▸ **Problem to solve**
All lines at and after the one containing "3月7日,教育科学学院、渭南", up to the end of the listing below, are to be printed exactly, with the pictures omitted.

▸ **Material provided**
↓

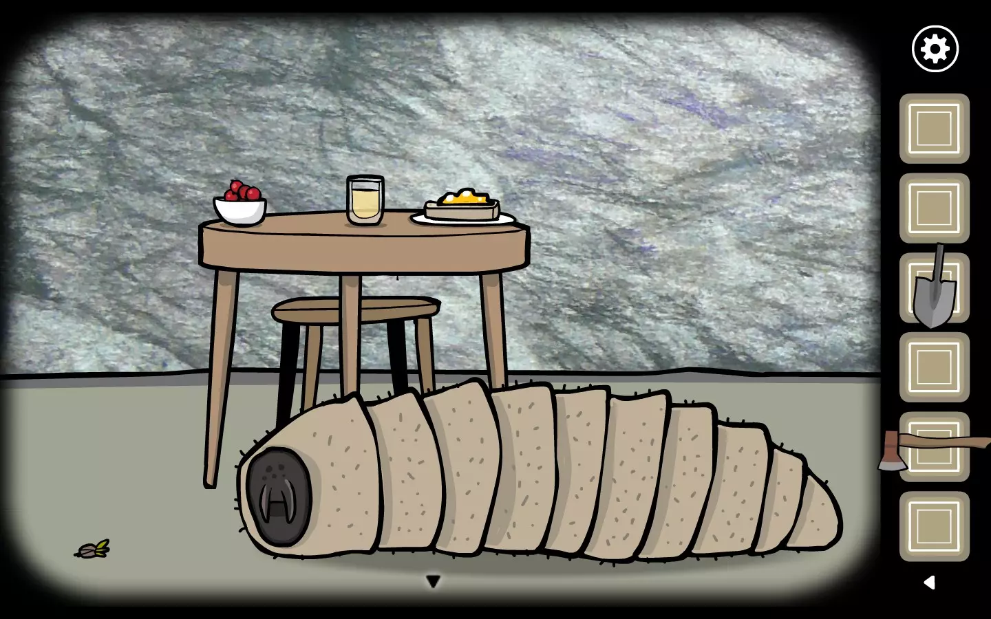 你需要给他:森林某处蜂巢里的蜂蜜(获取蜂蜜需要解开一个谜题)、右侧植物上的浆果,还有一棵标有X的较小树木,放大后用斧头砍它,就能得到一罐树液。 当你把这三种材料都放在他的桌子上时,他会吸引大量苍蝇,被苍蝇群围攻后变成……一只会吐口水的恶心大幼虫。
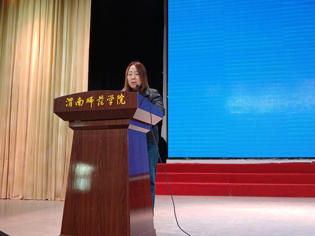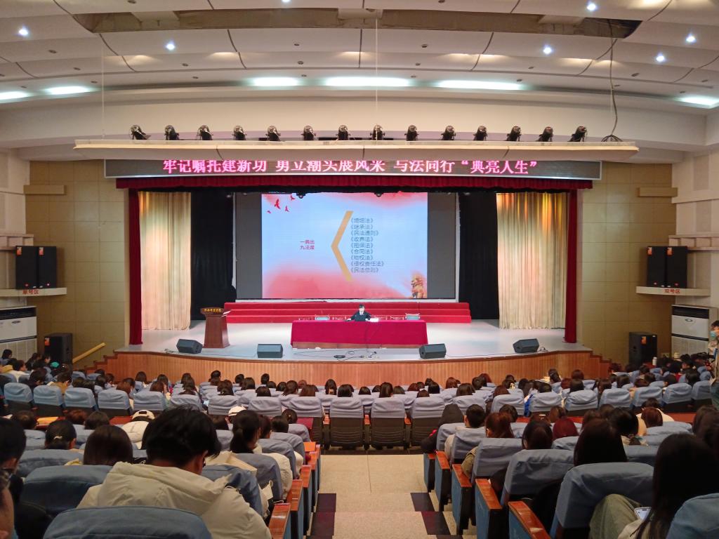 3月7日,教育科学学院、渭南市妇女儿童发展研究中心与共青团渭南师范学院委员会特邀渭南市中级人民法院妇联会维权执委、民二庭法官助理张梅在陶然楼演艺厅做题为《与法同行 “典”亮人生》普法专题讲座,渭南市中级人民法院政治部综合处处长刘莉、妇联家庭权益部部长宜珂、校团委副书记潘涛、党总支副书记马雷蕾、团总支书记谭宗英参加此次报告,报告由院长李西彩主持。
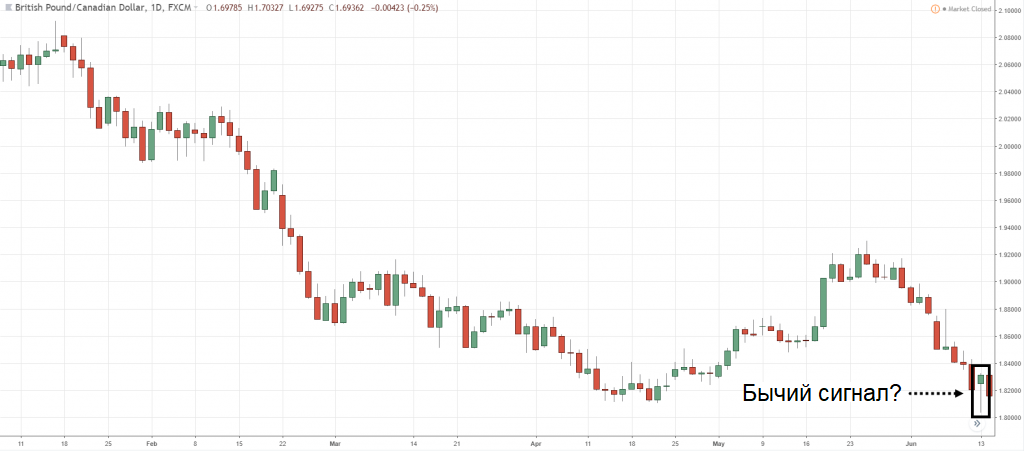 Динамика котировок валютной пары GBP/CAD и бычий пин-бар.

↑

▸ **Output below**
 3月7日,教育科学学院、渭南市妇女儿童发展研究中心与共青团渭南师范学院委员会特邀渭南市中级人民法院妇联会维权执委、民二庭法官助理张梅在陶然楼演艺厅做题为《与法同行 “典”亮人生》普法专题讲座,渭南市中级人民法院政治部综合处处长刘莉、妇联家庭权益部部长宜珂、校团委副书记潘涛、党总支副书记马雷蕾、团总支书记谭宗英参加此次报告,报告由院长李西彩主持。
 Динамика котировок валютной пары GBP/CAD и бычий пин-бар.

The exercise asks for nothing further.